I have only verified this bug to exist in 1.49 and 1.53, but I glanced at github's boostorg/filesystem/blob/master/src/operations.cpp and it looks like the same problem is likely to exist--namely, that remove_file can fail because somebody else removed the file we were about to remove, after we verified that the file existed via query_file_type.
Attachments (2)
Change History (7)
by , 8 years ago
Attachment: | fsremoverace.cc added |
---|
comment:1 by , 8 years ago
It's also interesting to contemplate that the change might not be [directory/file/symlink] -> [nonexistent], but could also be [directory/file/symlink] -> [directory/file/symlink].
comment:2 by , 8 years ago
The proposed patch fixes the file -> nonexistent and directory -> nonexistent cases. The others are not as important for our use case, but for example (errno == EISDIR) would be an appropriate check after unlink() for the file -> directory case.
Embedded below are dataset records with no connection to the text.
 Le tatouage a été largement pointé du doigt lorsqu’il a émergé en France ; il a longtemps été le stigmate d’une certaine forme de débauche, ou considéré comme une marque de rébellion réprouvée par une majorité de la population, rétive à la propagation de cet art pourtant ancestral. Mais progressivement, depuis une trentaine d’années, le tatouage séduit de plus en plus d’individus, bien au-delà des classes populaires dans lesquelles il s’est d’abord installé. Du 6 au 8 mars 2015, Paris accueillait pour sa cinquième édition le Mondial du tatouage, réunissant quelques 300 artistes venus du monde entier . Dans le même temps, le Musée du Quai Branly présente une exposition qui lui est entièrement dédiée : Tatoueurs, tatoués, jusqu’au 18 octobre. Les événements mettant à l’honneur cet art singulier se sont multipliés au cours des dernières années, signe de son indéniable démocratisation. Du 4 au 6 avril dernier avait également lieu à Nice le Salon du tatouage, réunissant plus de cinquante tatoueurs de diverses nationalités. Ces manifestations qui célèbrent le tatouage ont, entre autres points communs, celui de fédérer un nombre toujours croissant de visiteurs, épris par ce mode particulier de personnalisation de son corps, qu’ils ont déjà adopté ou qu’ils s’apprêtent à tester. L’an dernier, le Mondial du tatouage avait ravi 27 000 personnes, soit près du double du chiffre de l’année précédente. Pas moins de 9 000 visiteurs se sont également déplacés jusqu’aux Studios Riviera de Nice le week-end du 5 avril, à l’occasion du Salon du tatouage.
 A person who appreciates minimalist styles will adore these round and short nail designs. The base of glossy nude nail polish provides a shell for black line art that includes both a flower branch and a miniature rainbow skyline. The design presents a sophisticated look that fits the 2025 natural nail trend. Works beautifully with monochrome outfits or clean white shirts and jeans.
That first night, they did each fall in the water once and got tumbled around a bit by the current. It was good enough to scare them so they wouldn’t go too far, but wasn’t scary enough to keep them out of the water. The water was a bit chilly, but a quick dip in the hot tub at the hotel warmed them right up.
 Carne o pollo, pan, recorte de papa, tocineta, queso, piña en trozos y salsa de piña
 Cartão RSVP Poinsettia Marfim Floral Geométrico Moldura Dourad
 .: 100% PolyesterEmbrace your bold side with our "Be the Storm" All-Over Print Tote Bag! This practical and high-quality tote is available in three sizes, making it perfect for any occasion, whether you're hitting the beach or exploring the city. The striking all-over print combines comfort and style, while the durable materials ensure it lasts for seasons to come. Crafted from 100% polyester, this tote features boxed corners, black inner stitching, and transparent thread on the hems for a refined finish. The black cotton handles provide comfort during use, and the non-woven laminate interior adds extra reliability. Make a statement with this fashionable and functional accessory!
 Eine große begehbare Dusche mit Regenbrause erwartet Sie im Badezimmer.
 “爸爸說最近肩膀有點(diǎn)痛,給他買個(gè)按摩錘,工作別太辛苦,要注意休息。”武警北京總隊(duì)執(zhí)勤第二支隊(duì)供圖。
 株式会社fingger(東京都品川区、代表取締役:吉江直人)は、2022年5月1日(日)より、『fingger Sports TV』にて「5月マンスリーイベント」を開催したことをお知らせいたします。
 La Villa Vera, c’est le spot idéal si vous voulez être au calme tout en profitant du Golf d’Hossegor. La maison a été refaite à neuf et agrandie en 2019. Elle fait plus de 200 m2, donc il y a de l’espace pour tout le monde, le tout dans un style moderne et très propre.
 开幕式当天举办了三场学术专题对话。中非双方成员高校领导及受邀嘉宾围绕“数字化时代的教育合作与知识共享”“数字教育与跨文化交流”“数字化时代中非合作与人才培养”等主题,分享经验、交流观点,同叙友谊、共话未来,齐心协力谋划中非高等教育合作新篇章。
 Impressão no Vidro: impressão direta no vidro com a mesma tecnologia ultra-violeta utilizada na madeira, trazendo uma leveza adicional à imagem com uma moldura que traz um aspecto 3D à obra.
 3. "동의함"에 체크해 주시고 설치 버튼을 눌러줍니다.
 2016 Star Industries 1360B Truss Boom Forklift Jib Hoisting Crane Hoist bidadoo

Lightly tested via my test case on Linux and Windows.
comment:3 by , 8 years ago
This bug may be easier to hit than I first supposed. We have now received some information that this may be exacerbated by the "SMB2 Client Redirector cache" (Windows, Vista and later), which by default will cache positive existence of a file for 10 seconds, making a nice big window for trouble as long as two machines sharing the same Windows share are involved. A similar design choice on Unix with NFS (attribute caching) probably creates nice big windows there too.
comment:4 by , 7 years ago
Resolution: | → fixed |
---|---|
Status: | new → closed |
A change similar to the suggested patch has been applied. It covers the same set of error codes used elsewhere to identify the general "file not found" case.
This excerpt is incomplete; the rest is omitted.